YOUR INSTRUCTIONS
Copy exactly. Include the line containing "An oversized recliner", every line after it, and the last line below, but no pictures.

RECORDED DATA
━━━━━━━━━━━━━━━━

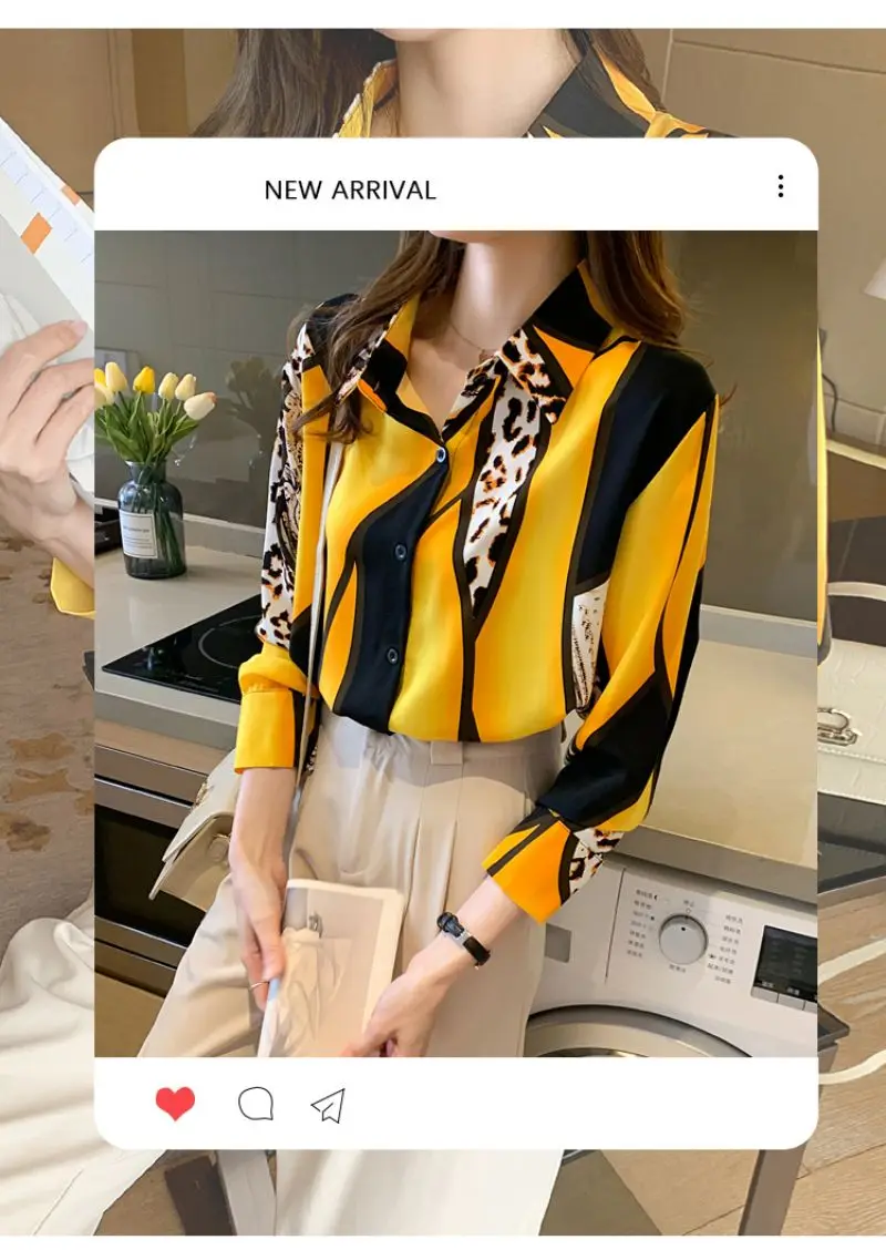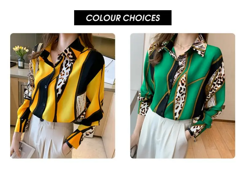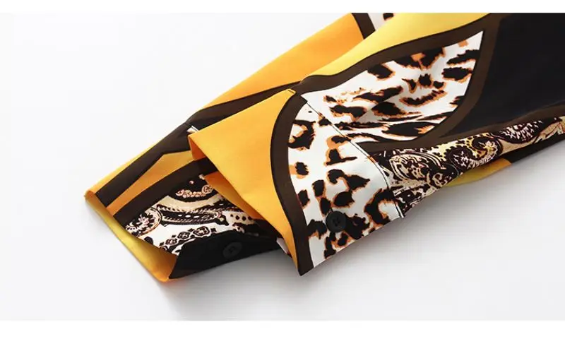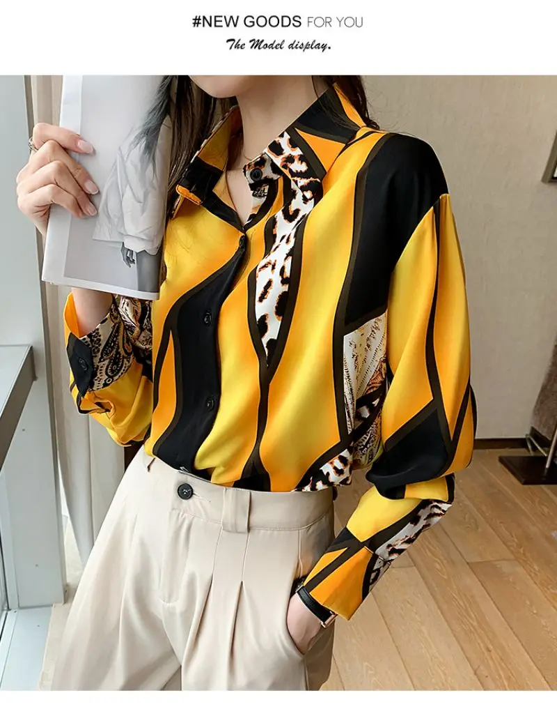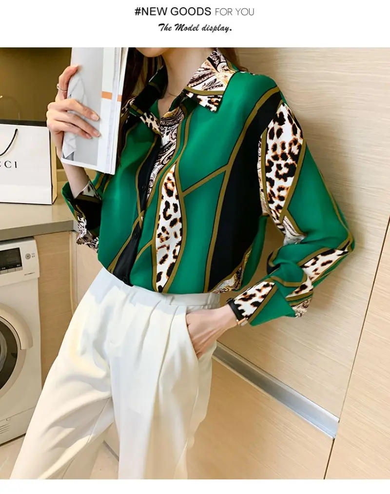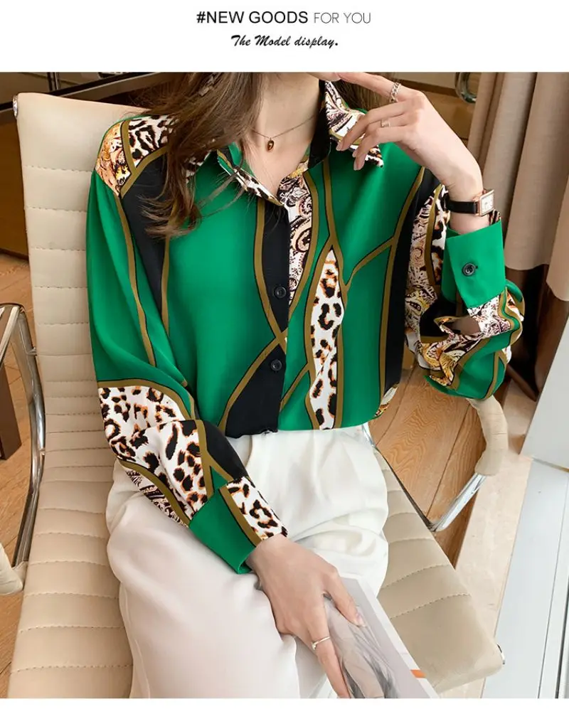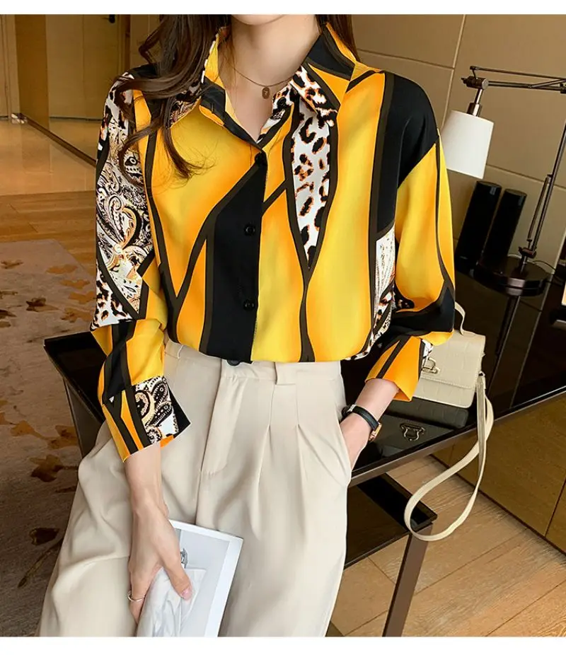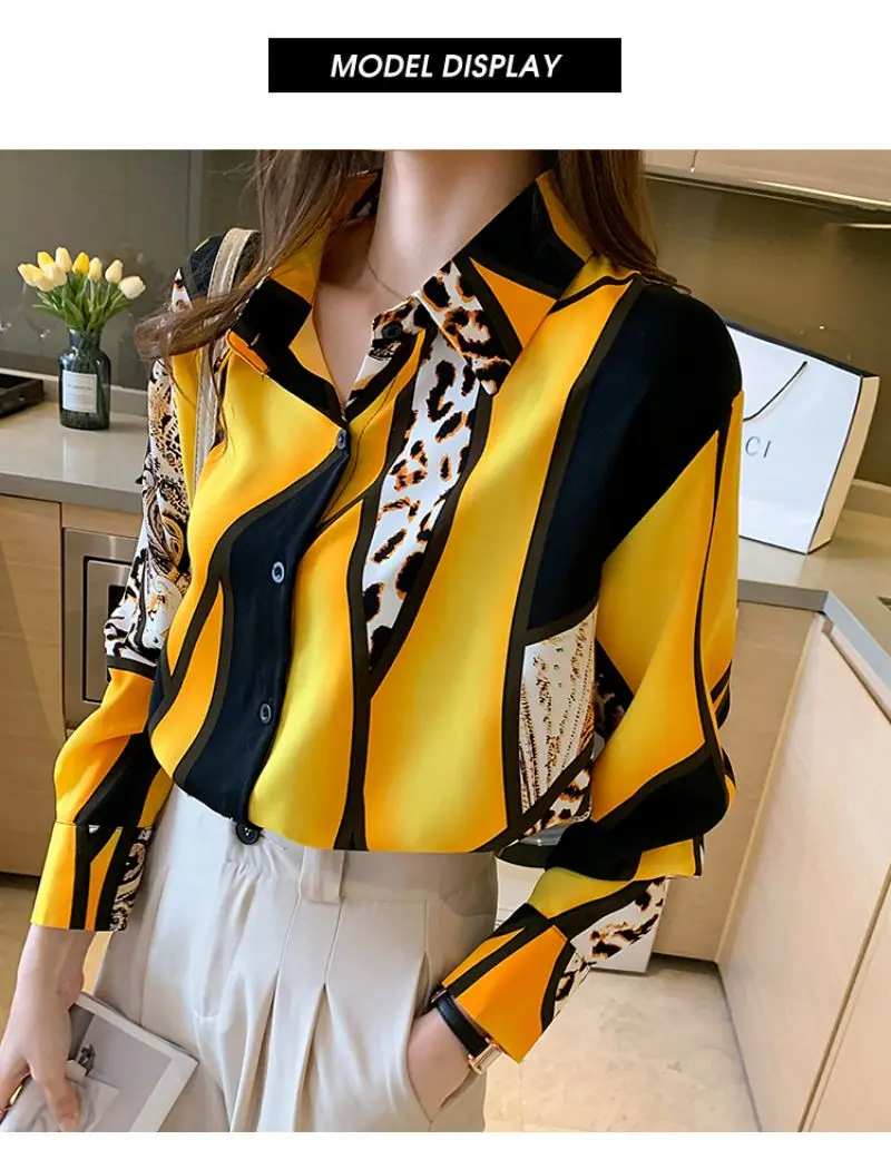 Шифоновая рубашка в стиле ретро, с леопардовым принтом, осень 2021, новая модная однобортная Повседневная рубашка в полоску с длинными рукавами и контрастным отворотом
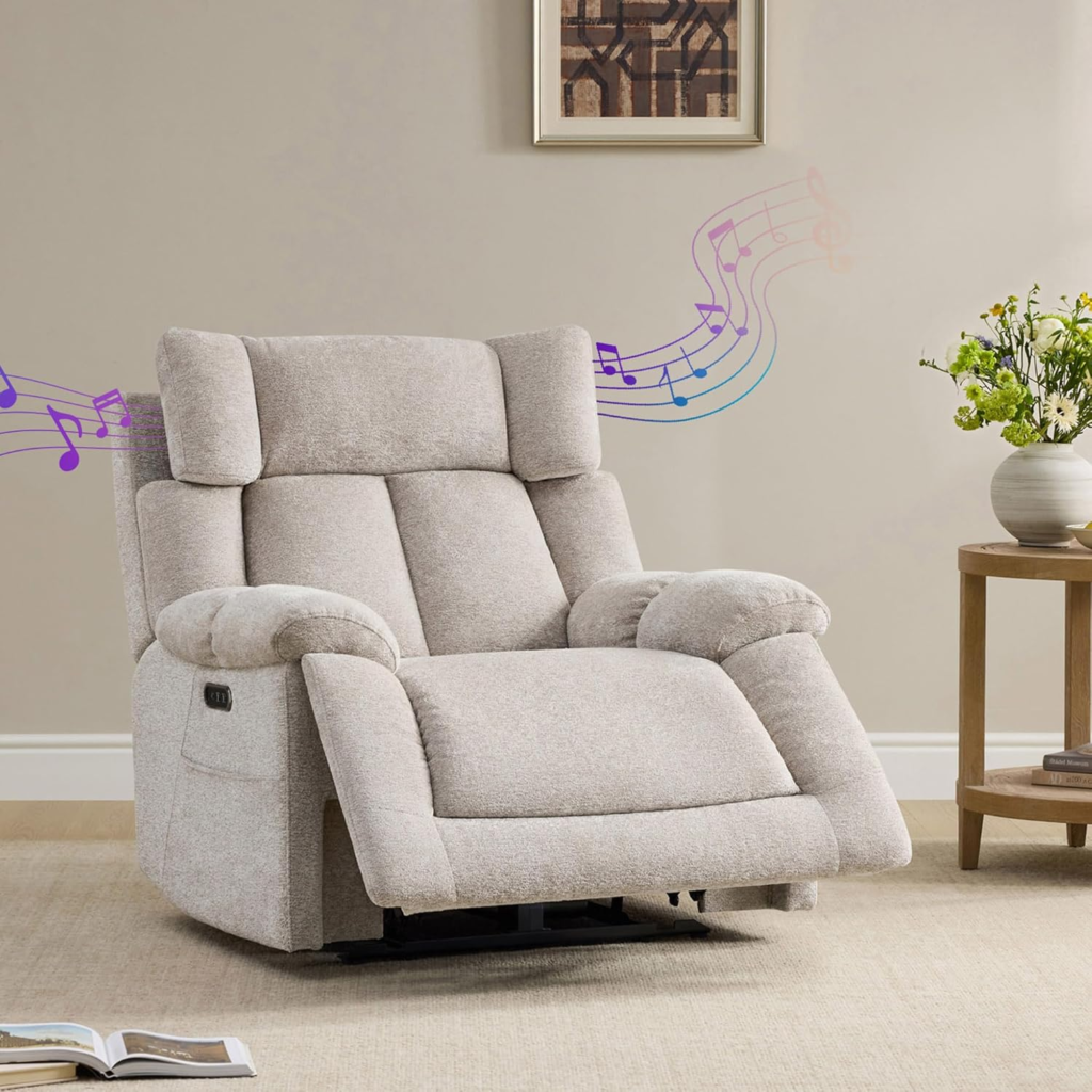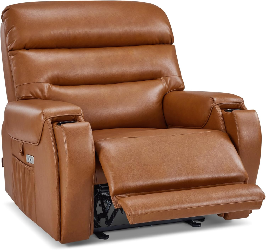 An oversized recliner provides extra cushioning and wider seating, perfect for relaxing evenings.
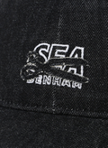 WIND AND SEA とのコラボレーションアイテム。コラボロゴの刺しゅうとシザーモチーフのアップリケが施されたデニムキャップ。ベーシックな6パネルデザイン。バックのベルトで好みのフィット感にサイズ調整することができます。ブラックデニムがクールな表情を演出するアイテムです。

━━━━━━━━━━━━━━━━

ANSWER TO THIS EXERCISE
 An oversized recliner provides extra cushioning and wider seating, perfect for relaxing evenings.
 WIND AND SEA とのコラボレーションアイテム。コラボロゴの刺しゅうとシザーモチーフのアップリケが施されたデニムキャップ。ベーシックな6パネルデザイン。バックのベルトで好みのフィット感にサイズ調整することができます。ブラックデニムがクールな表情を演出するアイテムです。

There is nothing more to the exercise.